> [Work item] Output exactly the lines of the listing below that run from the line with "Comedouro 1 furo" through the line with "这个1亿次直播还挺有意思,有". No pictures.

> [Entries provided]
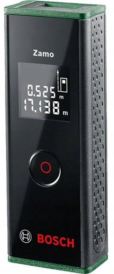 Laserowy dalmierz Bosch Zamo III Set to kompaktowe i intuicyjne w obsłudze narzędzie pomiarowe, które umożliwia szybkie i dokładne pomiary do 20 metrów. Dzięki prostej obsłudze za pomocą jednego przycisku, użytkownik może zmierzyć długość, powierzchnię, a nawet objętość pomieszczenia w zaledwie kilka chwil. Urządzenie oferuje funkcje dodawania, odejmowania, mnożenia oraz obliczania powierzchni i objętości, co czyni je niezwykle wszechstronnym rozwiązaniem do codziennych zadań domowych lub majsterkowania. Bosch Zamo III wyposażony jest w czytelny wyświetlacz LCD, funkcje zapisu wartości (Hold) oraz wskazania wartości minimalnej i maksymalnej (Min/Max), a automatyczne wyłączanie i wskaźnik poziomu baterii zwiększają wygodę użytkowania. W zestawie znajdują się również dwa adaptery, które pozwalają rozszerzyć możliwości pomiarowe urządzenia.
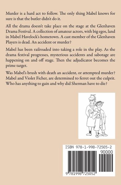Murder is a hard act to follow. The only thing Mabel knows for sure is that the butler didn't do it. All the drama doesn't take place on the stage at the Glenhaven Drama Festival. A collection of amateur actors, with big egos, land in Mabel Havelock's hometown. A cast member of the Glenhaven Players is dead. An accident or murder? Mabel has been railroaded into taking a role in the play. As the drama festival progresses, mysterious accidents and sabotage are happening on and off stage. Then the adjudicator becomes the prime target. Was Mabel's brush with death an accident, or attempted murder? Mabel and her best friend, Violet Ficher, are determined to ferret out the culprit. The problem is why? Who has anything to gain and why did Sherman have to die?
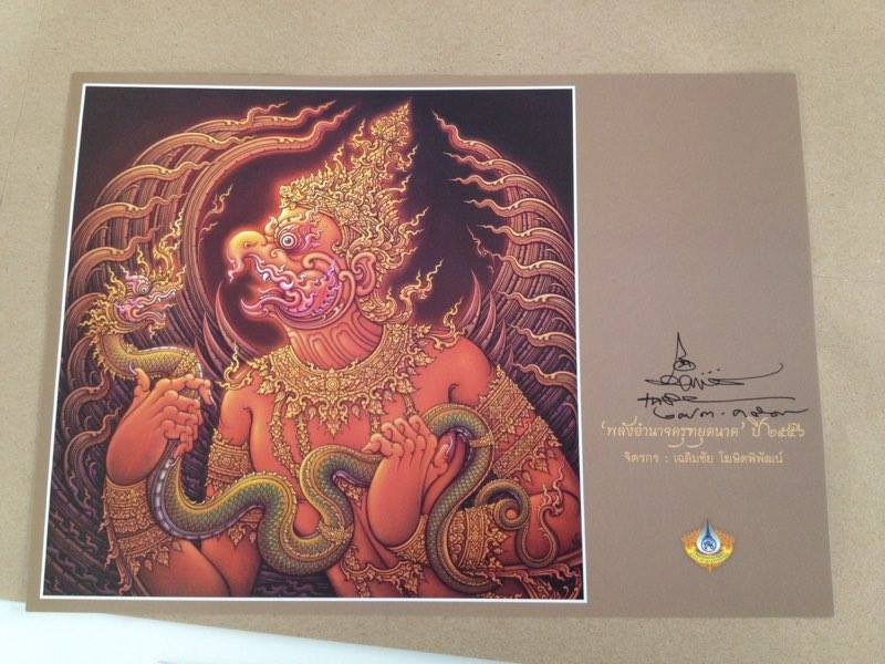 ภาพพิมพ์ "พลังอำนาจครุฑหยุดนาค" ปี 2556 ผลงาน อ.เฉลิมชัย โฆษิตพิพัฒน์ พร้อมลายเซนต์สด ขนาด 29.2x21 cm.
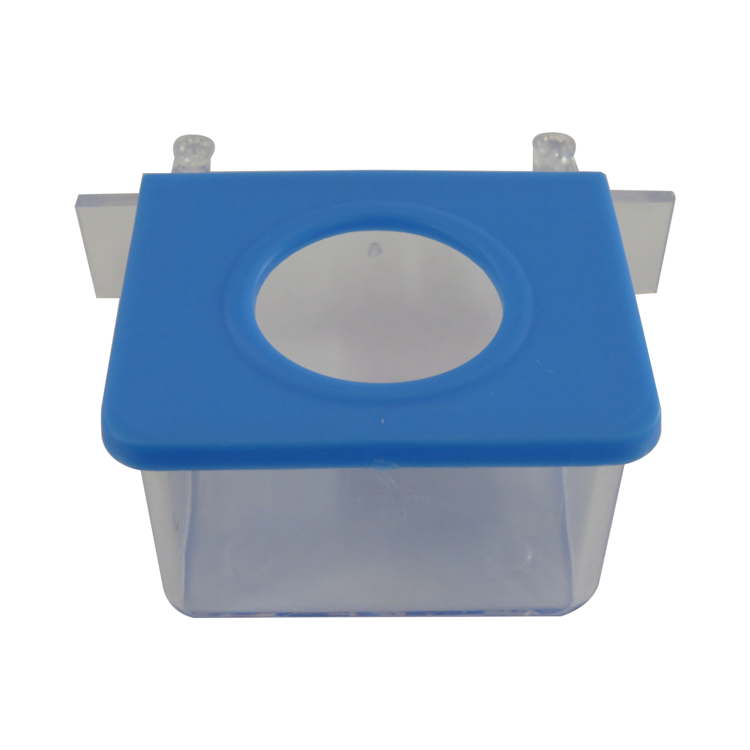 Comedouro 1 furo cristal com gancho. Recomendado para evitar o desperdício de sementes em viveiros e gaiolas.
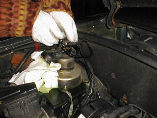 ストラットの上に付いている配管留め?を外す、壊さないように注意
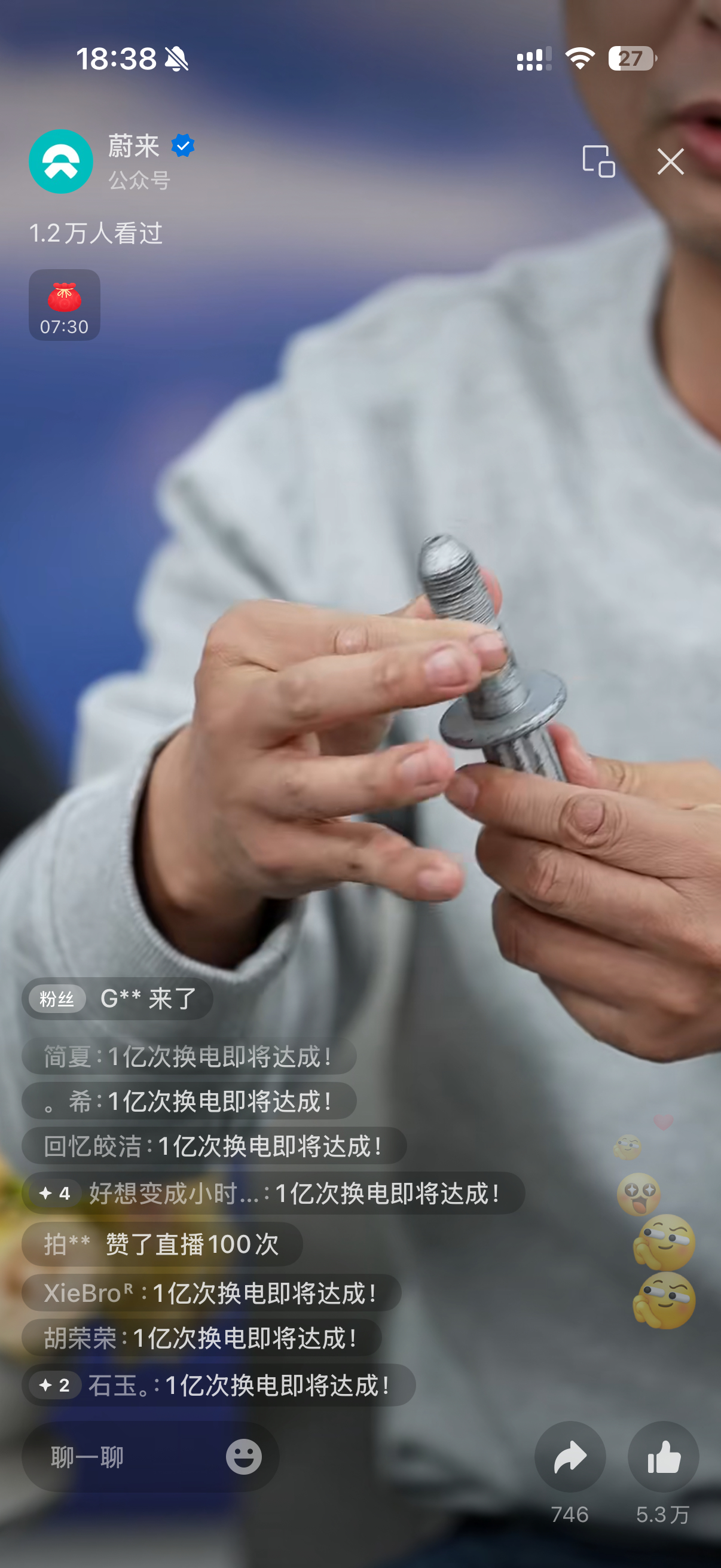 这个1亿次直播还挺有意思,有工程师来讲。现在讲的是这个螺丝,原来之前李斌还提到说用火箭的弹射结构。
* * *
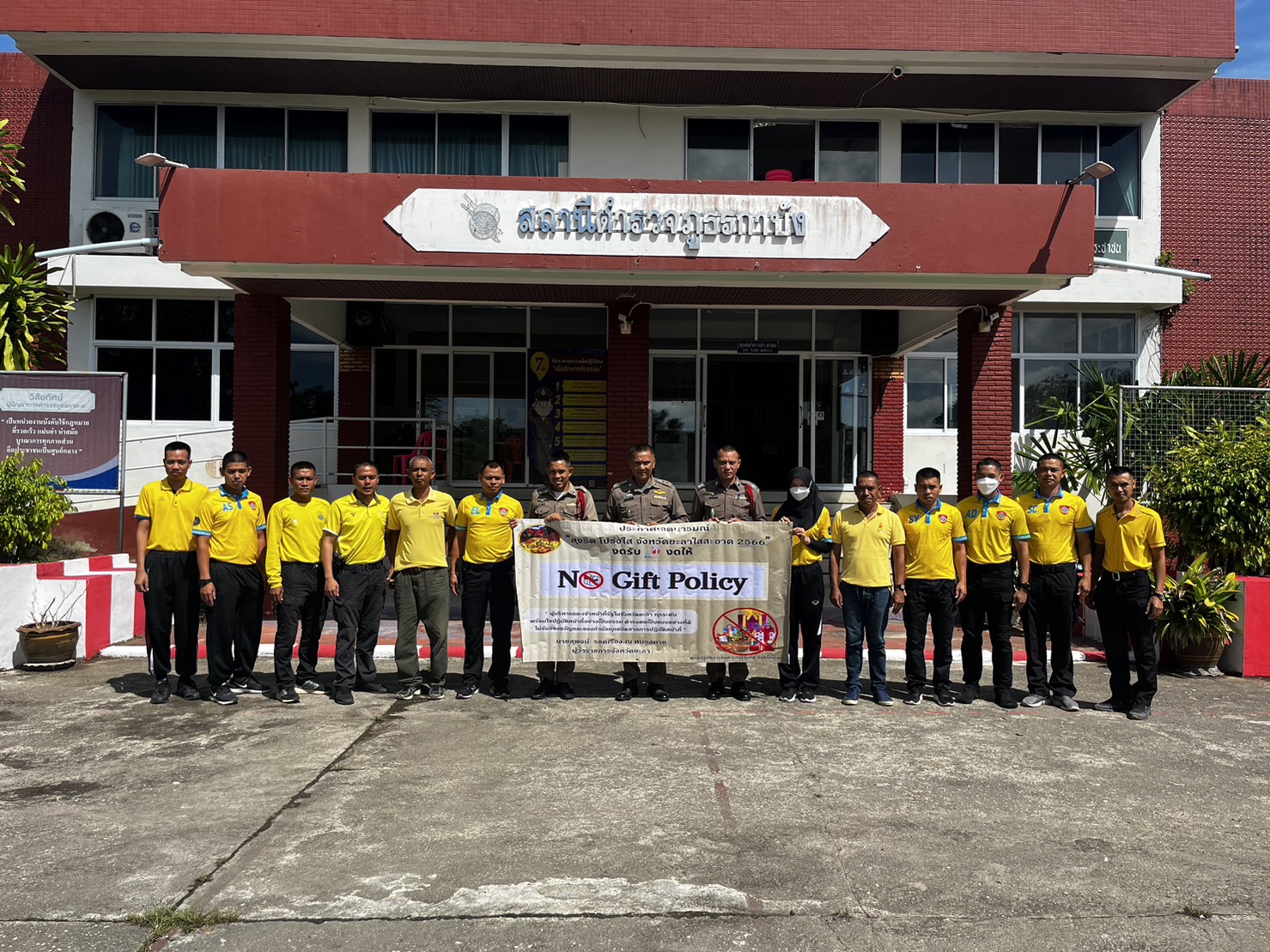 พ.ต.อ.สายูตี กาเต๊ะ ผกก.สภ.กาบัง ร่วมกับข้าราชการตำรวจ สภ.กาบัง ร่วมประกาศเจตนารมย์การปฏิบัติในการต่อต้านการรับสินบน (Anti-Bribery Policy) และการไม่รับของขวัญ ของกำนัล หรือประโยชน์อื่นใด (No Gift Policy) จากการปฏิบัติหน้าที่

> [Exercise solution]
 Comedouro 1 furo cristal com gancho. Recomendado para evitar o desperdício de sementes em viveiros e gaiolas.
 ストラットの上に付いている配管留め?を外す、壊さないように注意
 这个1亿次直播还挺有意思,有工程师来讲。现在讲的是这个螺丝,原来之前李斌还提到说用火箭的弹射结构。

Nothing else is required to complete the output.